Due to ramifications of the ongoing pandemic, the Dubuque County Board of Supervisors last week discussed freezing scheduled raises for administrative positions.
In February, supervisors approved a 3% raise for sheriff, a 1.5% raise for other elected officials and a 0.75% raise for themselves for fiscal year 2021, beginning July 1. This came after the Dubuque County Compensation Board recommended higher raises for all positions, which the supervisors deemed too high for the second consecutive year.
But, the following month, the nation was hit by the COVID-19 pandemic wave. Its impacts to the economy, and the resulting effects on county government revenues, are yet to be fully realized but are expected to be significant.
Therefore, county Human Resources Director Dawn Sherman thought it best to check in.
“All of that was decided prior to COVID and experiencing the loss of revenues,” she said. “We’ve had discussions in the bargaining unit, but if there are going to be changes in this, they’ll need to be made in open session.”
Supervisor Jay Wickham pointed out changes to society and the economy caused by the pandemic, including significant unemployment, as reasons to reconsider.
“I think it’s wise for the board to look at our existing wage levels and existing increases to those wage levels and see if there are adjustments that need to be made,” he said.
Wickham therefore proposed a freeze of elected officials’ and non-bargaining county employees’ salaries at fiscal year 2020 levels, with some exceptions. That met with swift backlash from some of those whom the change would impact.
County Auditor Denise Dolan — who will retire at the end of her term in January 2021 — pointed to the supervisors’ ready appropriation of almost $2.4 million and the county’s spending of $1.4 million of that in an attempt to address the pandemic as proof that the county need not cut salary increases.
“There was no holding back in throwing money, by the board of supervisors, towards expenses for COVID,” she said.
Dolan reported receiving many comments from the public about that appropriation and spending.

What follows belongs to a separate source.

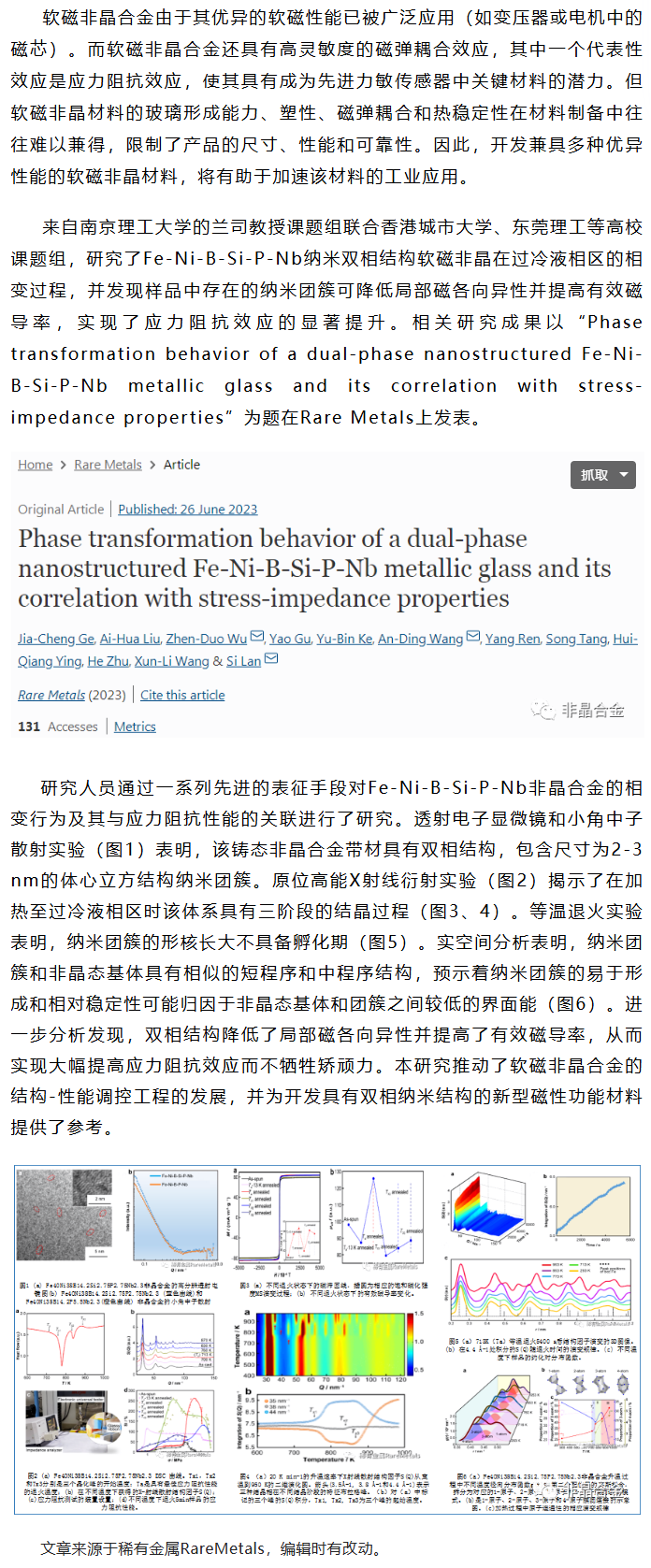 《Rare Metals》兰司等工作:双相纳米结构Fe-Ni-B-Si-P-Nb金属玻璃的相变行为及其与应力阻抗的关联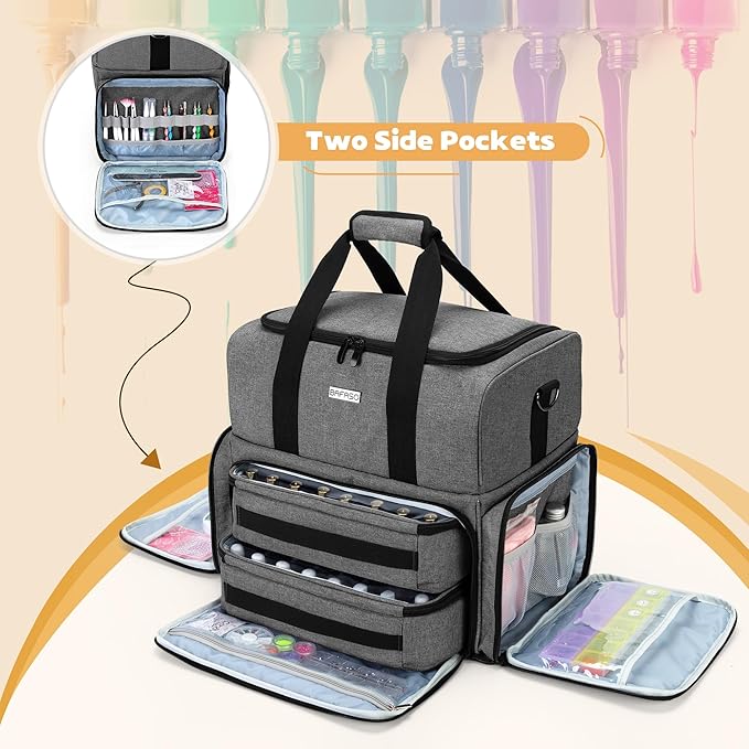 - OTHER TOOL STORAGE SECTIONS - 2 side pockets provide roomy space for dip powders and other manicure tools. There is also an adjustable shoulder strap and 2 sturdy handles for easy carrying.

“Subsequently, we now see a proposal to cut the wages to management personnel in the county,” she said. “I just think that’s a little sad and a little two-faced.”
Sheriff Joe Kennedy argued on behalf of his staff — deputy sheriff, captains and sergeants — whose salaries are tied to his and would therefore also be affected.
“They have been here every day that they’ve been scheduled, unlike many county employees who are being paid to sit at home,” he said. “We’ve not been offered hazard pay, which even private sector workers, manufacturing workers in this county have been offered. Sunnycrest (Manor) was offered double-time for overtime. My employees were not offered the same.”
Kennedy said his officers are already facing extra stress due to nationwide protests against the killing of unarmed black Americans by police.
“Our line of work, in case anybody hasn’t noticed, we’re under a lot of fire lately,” he said. “It’s hard enough for us to find and retain people. Now you want to take away their pay and benefits.”
Wickham explained that the exceptions he had mentioned were meant to include the sheriff’s office and Sunnycrest Manor.
County Veterans Affairs Executive Director Randy Rennison also lambasted the proposal.
Supervisor Dave Baker also argued against the wage freeze, characterizing it as “going after” county employees.
“I believe we should honor our commitments and go forward,” he said. “Then, if belt tightening is needed, we look at that next year and make whatever decisions we have to make.”
Supervisor Ann McDonough argued that the proposal warranted consideration, particularly due to the Iowa Legislature not budgeting any additional aid to local governments during its return to session.
“That we’re thinking about this is a reflection of the time we’re in,” she said. “But, everyone should know that the State of Iowa did us no favors over the last seven days.”
Supervisors did not act on the proposal June 15, but Wickham said it was not dead.
“If you ask anyone in the private sector how many employees in the private sector are receiving the types of wages we’re looking at, you won’t find them,” he said. “To go through our fund balances as if nothing has happened, I don’t think that is wise as a leader.”